Saat aku menuruni tangga, telepon berbunyi.
"Halo, dengan kediaman Hayward."
"Nak Hayward?" alisku berkedut saat mendengar suara wanita. Agak familiar, tetapi terasa asing di waktu bersamaan. Karena aku tak segera menjawab, suara sengau itu menambahkan. "Ini ibu Jane, ingat?"
Darahku berdesir. Kenapa tiba-tiba ibunya menelepon? Menyesal karena aku putus dari putrinya? "Ya, Bu Montgomery." Aku berusaha untuk tetap ramah. "Ada apa?"
Ibu Janet tidak bergegas menjawab. Ada gumam keraguan sejenak. "Apakah Jane ada di rumahmu?"
"Maaf?"
"Jane lama tidak pulang." Ia terdengar seperti sedang menahan tangis, atau barangkali sudah kehabisan air mata. "Aku tidak bisa menghubungi tempat-tempat ia biasa berada ... dan kupikir ia ada di rumahmu?"
Gagasan terakhir yang dipenuhi penekanan itu membuatku tidak tega.
"Ced, kenapa lama sekali?" suara Ayah terdengar dari ambang pintu masuk ruangan. "Jangan buat temanmu menunggu."
Aku mengangkat tangan, memberinya isyarat untuk menunggu. "Maaf, Bu. Tapi ... saya sudah tidak bertemu Jane cukup lama."
Ada isakan lirih di seberang sana. "Sungguh? Jane tidak menyuruhmu berbohong atau apalah?"
"Tidak, Bu. Kebetulan saya diopname minggu lalu, jadi rumah kosong."
Ibu Janet tampaknya hampir ambyar. "Baiklah, terima kasih." Ia terdengar seperti menggunakan segenap kekuatannya untuk mengatakan itu. "Aku ... aku akan melapor pada polisi saja."

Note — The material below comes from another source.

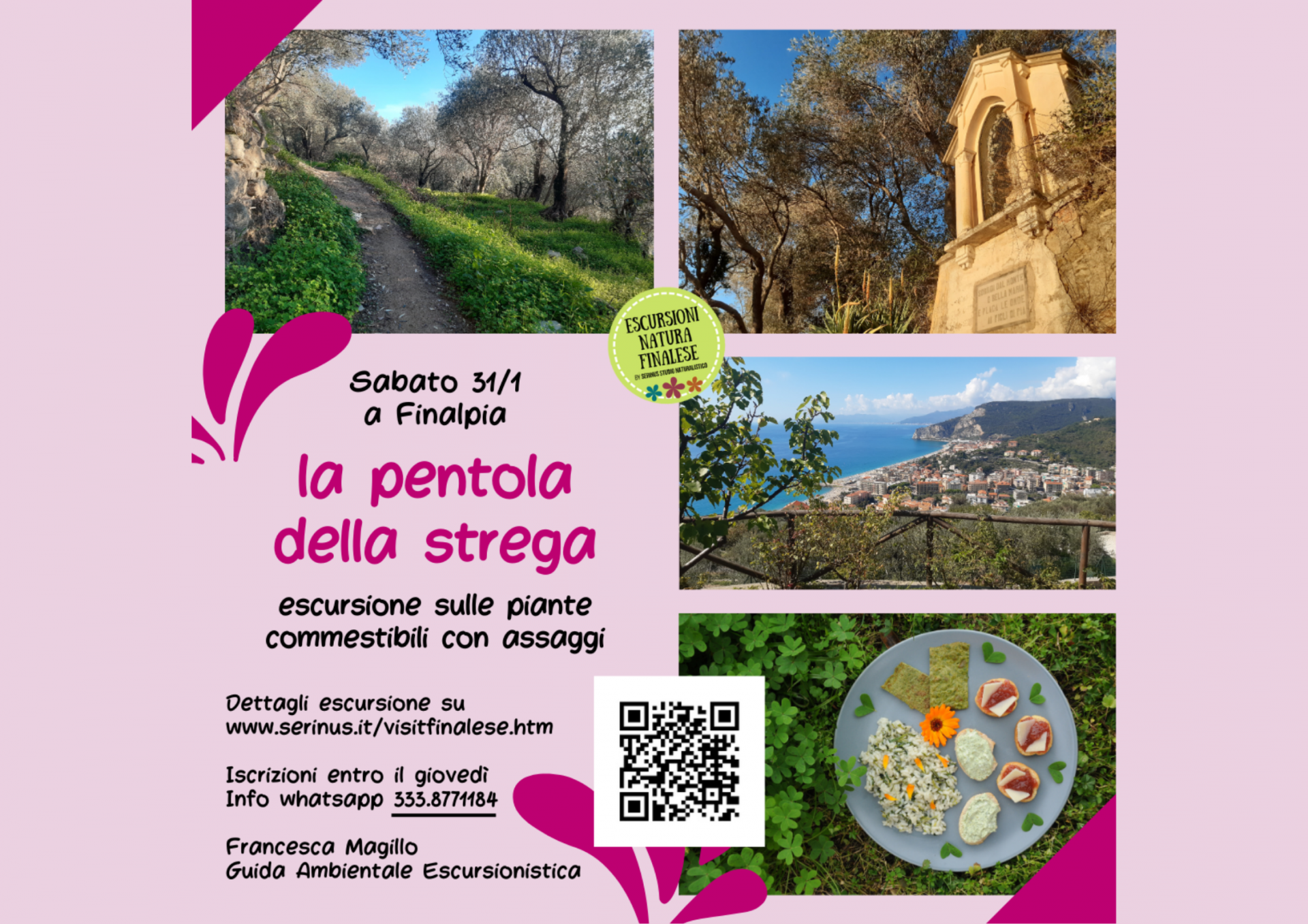 Discover where to find, how to safely identify, harvest, and cook edible wild plants during the winter season. Starting from Finalpia among the olive groves, we will climb Monte di Pia, overlooking the sea towards Finale and Varigotti. After crossing the village, we’ll take the "sea path" and pause at the park of General Caviglia’s mausoleum to enjoy some tastings prepared with the plants we have seen. Then, we’ll return to Pia via small lanes.

Aku baru saja akan mengatakan sesuatu, tetapi sambungan telepon terlanjur diputus. Aku bengong sesaat, mengembalikan gagang telepon ke tempatnya, dan beranjak.
"Siapa tadi?"
"Bukan siapa-siapa." Suaraku agak mengambang. Aku lantas pamit kepada Ayah, berpesan kepadanya agar menikmati waktunya bersama si psikolog, dan mengunci semua pintu dan jendela rumah.
Usai membalas dengan harapan bahwa aku juga mesti menikmati waktu bersama sahabat-sahabat baru, Ayah mengantar ke depan.
Saat melihat wajah kedua sahabatku yang sudah menunggu di dalam mobil, aku kembali teringat patung misterius Janet di ruang studio.
Perutku bergemuruh.
Kenapa rasanya ada yang tidak beres?